Over fifteen generations the Lowell clan, originally the Lowle family of Bristol, England managed to be a successful and productive family in New England life. Through this well-written book the author shows the family morphing from prominence in religion to manufacturing to public service to astronomy and then into literature. Though there are setbacks, sometimes major ones, the family seems to survive through it all as if it were a living entity.
The family left England because though prosperous, the taxes and duties were rising, harvests had failed and then, in 1639, the King called for able-bodied men to join a fight against Scotland. The family settled in the small community of Newbury north of Boston. Church was important, and the Congregationalist Puritans did not want to create a new church like the Pilgrims. They wanted to reform the English Church. One Sunday, “A Newbury woman came naked to the Sunday-morning services at the meetinghouse. Lydia Wardell was bare from her head to toes, an offering she made to prove that man is born good, innocent and humble…Lydia was arrested, forcibly reclothed, dragged to the Regional Court, which had convened in a tavern. The court fined her and sentenced her to a public whipping. For the whipping of thirty lashes, she was stripped naked (deemed a sign of wickedness, not innocence) and tied to a rail outside the tavern.” What she had thought to be a symbol of her innocence, the authorities deemed it a symbol of shame.
Conflict with Britain was a recurring theme of the early years for the Lowell family. “Long before the Boston Tea Party, a boycott of English tea spread throughout the towns and villages of New England.” Locals brewed strawberry leaves, currant leaves, four-leaf loosestrife and ribwort, but none tasted as good as the real thing.
Over the generations the Lowell family centered on two properties, first Elmwood and later, Sevenels (seven L’s). “When the bushes bloomed in the spring, it was as if the house were alive,” the author writes, “Breathing out exhalations of purple and fuchsia, and taking in gulps of green.”

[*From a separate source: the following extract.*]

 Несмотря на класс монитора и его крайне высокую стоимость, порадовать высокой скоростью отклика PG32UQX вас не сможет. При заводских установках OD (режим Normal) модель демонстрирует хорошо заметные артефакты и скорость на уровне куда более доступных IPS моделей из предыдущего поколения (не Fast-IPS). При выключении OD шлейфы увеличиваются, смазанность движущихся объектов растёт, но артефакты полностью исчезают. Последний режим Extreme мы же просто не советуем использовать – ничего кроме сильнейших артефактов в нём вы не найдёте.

The strong abolitionist views of the family were sorely tested during the Civil War. William Putnam, son of Mary Lowell volunteered for the Twentieth Massachusetts Volunteer Infantry, which included Charles Cabot, Oliver Wendell Holmes Junior, and Paul Revere. The twentieth was sent on an “easy assignment” in September of 1861 against an unsuspecting rebel force. “Instead of a clear path to easy victory, the soldiers of the Twentieth found themselves in hell,” Sankovitch tells us. Will was shot through the abdomen. Three other members of the family died before the slaves were emancipated.

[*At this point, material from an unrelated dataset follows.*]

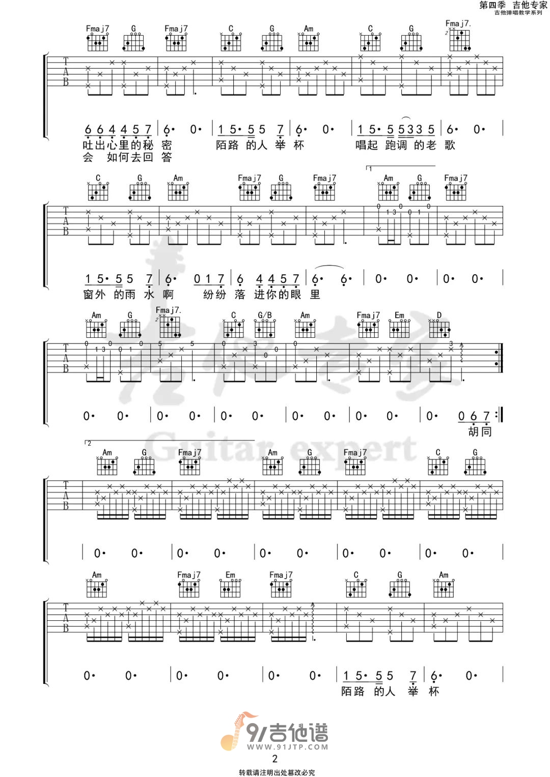 《陈鸿宇《深夜的歌吉他谱》(C调)》内容来自于互联网,不能保证内容的准确性与完整性,仅供学习交流欣赏,请勿用于其它用途,内容版权归原作者及来源网站所有,如有侵犯到您的权益请来信告知,我们将及时删除。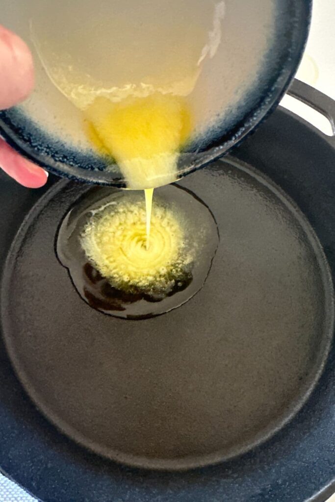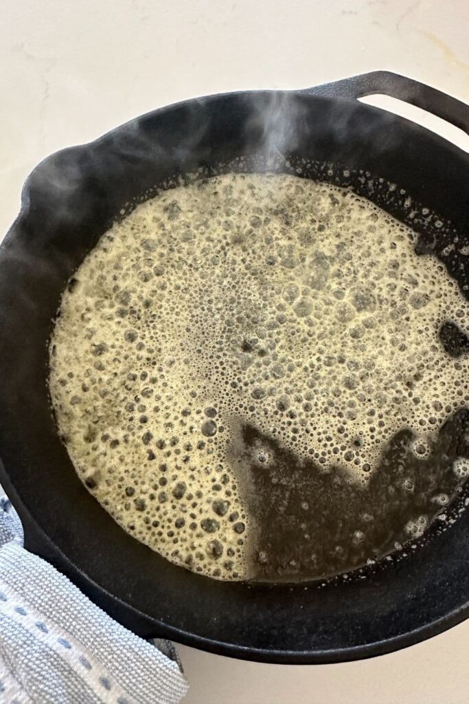 - When the cast iron skillet is ready, carefully remove it from the oven and allow the half of the melted butter that is left to sizzle all around the pan.

In the early twentieth century, Percival Lowell captivated the popular imagination with his studies of Mars and its canals from an observatory in Flagstaff, Arizona. In 1907 the Wall Street Journal wrote, “What is the most extraordinary event of the past twelve months? The proof …that conscious, intelligent human life exists on the planet Mars.” No matter the inaccuracy of such a claim, the Lowells contributed selflessly to the society around them.
The author writes this family chronicle in a well-organized and easily readable style, and the pages fly by.